--- MATERIAL SUPPLIED ---

★ ★ ★ ★ ★

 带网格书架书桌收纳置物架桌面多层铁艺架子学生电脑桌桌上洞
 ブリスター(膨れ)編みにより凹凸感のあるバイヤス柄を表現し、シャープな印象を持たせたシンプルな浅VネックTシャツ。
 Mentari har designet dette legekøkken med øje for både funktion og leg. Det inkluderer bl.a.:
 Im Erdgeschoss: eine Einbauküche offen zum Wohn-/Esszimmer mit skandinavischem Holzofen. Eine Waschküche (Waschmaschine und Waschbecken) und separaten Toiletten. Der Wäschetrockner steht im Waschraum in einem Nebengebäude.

★ ★ ★ ★ ★

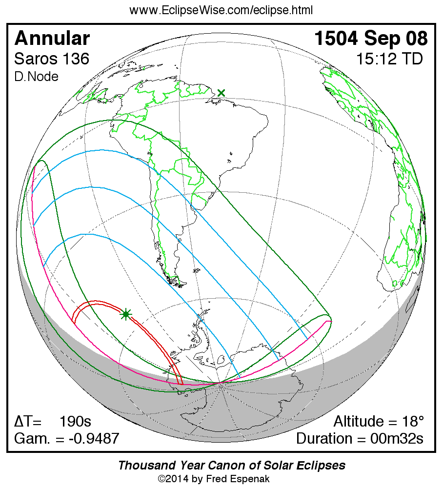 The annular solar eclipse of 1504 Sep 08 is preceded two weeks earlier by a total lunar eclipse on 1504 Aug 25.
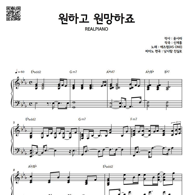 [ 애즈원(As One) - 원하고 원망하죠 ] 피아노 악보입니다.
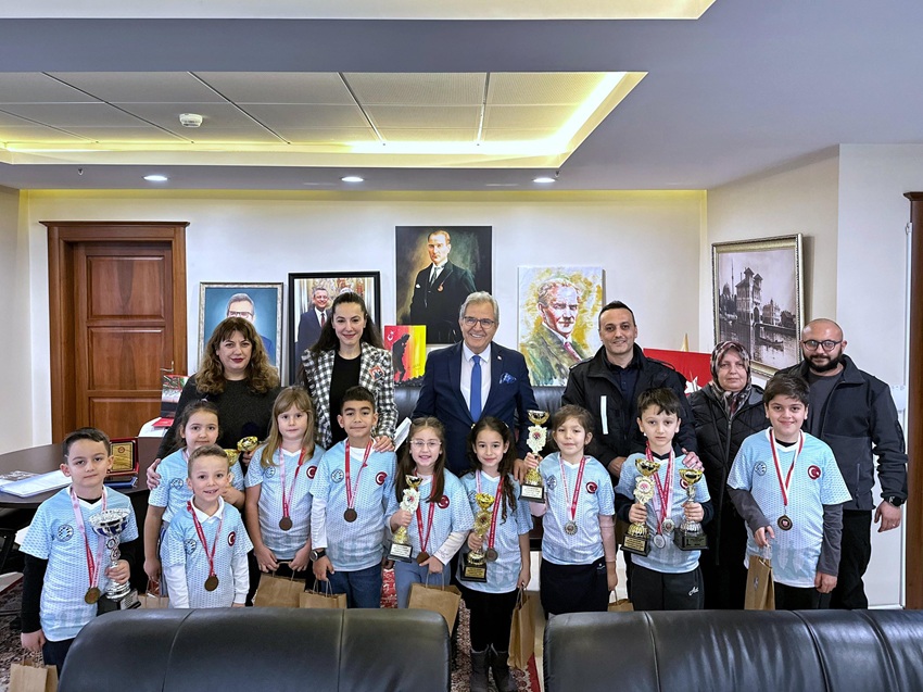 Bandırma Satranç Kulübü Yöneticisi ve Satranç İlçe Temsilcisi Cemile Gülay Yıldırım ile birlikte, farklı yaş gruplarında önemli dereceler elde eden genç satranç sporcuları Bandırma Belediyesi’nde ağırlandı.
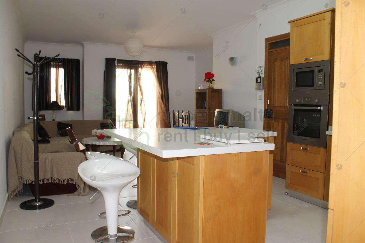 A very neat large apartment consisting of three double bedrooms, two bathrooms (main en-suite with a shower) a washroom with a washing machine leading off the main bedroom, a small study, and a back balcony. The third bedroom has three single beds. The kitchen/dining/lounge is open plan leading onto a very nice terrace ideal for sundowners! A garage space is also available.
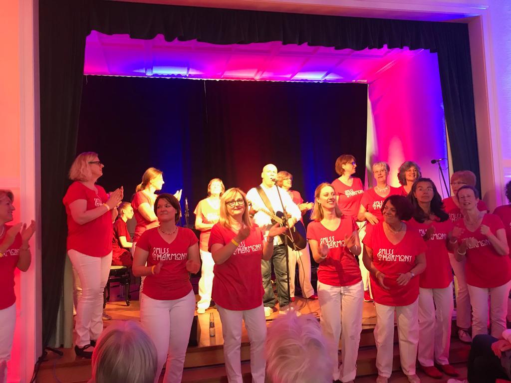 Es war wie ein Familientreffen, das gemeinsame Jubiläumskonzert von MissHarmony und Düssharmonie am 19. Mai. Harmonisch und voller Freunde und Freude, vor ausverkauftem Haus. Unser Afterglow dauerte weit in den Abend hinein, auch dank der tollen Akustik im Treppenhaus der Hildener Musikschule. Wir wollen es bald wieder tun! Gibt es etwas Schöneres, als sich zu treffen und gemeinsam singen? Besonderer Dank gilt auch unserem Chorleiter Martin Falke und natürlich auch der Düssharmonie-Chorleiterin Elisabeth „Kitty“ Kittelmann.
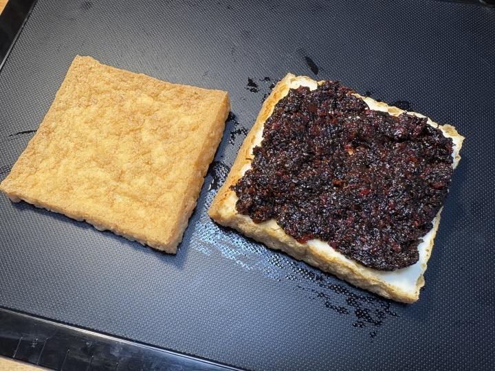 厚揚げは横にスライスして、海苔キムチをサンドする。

★ ★ ★ ★ ★

--- PROBLEM DESCRIPTION ---
Lines wanted from the entries above: the one with "The annular solar", the one with "A very neat", and all lines between. Please copy them exactly, without the pictures and without anything else.

--- TASK OUTPUT ---
 The annular solar eclipse of 1504 Sep 08 is preceded two weeks earlier by a total lunar eclipse on 1504 Aug 25.
 [ 애즈원(As One) - 원하고 원망하죠 ] 피아노 악보입니다.
 Bandırma Satranç Kulübü Yöneticisi ve Satranç İlçe Temsilcisi Cemile Gülay Yıldırım ile birlikte, farklı yaş gruplarında önemli dereceler elde eden genç satranç sporcuları Bandırma Belediyesi’nde ağırlandı.
 A very neat large apartment consisting of three double bedrooms, two bathrooms (main en-suite with a shower) a washroom with a washing machine leading off the main bedroom, a small study, and a back balcony. The third bedroom has three single beds. The kitchen/dining/lounge is open plan leading onto a very nice terrace ideal for sundowners! A garage space is also available.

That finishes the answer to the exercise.